All RAID cards support SATA SSDs, but NVMe support is meaningless as the speed can’t keep up.

| username: MrSylar | Original post link

This kind of high availability requirement generally comes from operations and maintenance; performance is not their primary goal.

| username: xfworld | Original post link

Prepare more hardware resources and expand nodes, which is also one of the high availability solutions.

RAID resources are one of the local high availability solutions for nodes, but you need to pay attention to cache issues and disk flushing intervals…

These are all optional solutions, the only considerations are maintenance costs and hardware costs…

| username: zhanggame1 | Original post link

If you don’t mind spending money on operations and maintenance, attaching storage devices like all-flash arrays offers higher speed and reliability.

| username: Jellybean | Original post link

There is no need to use RAID. We have deployed many sets of production environment clusters without using RAID. Relying on the three-replica mechanism is sufficient to ensure data high availability and security.

| username: redgame | Original post link

No need to do it, just go ahead.

| username: zhanggame1 | Original post link

Nowadays, mainstream Kubernetes hyper-converged high availability does not rely on RAID implementation; RAID cards are generally only used for system disks.

| username: 像风一样的男子 | Original post link

If budget is not an issue, definitely go for RAID. Most operations and maintenance professionals trust RAID more.

| username: zhanggame1 | Original post link

It’s basically impossible to buy an NVMe RAID card, and the speed isn’t sufficient.

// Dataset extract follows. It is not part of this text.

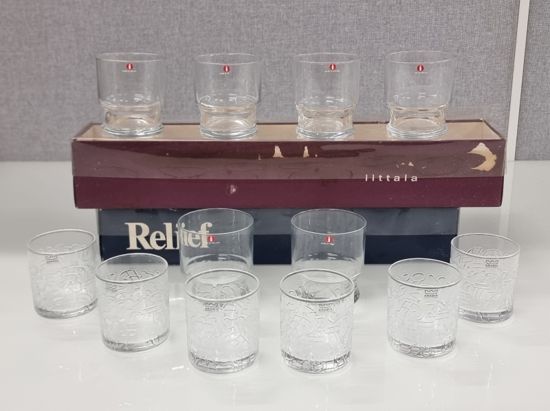 #79 - 6kpl Erkki Vesanto, Panu lasia + 6kpl Heikki Orvola, Relief - lasia

A RAID card uses one PCIe slot and connects a bunch of hard drives, while each NVMe requires a certain number of PCIe lanes.

| username: 裤衩儿飞上天 | Original post link

  1. If you have the money and don’t mind the cost, you can do it; the data will be more secure.
  2. Generally speaking, you don’t have to do it. With the default three replicas and proper backups, the probability of data loss is already quite low.
  3. When it comes to data security, no solution can guarantee 100% safety. You really have to weigh it yourself.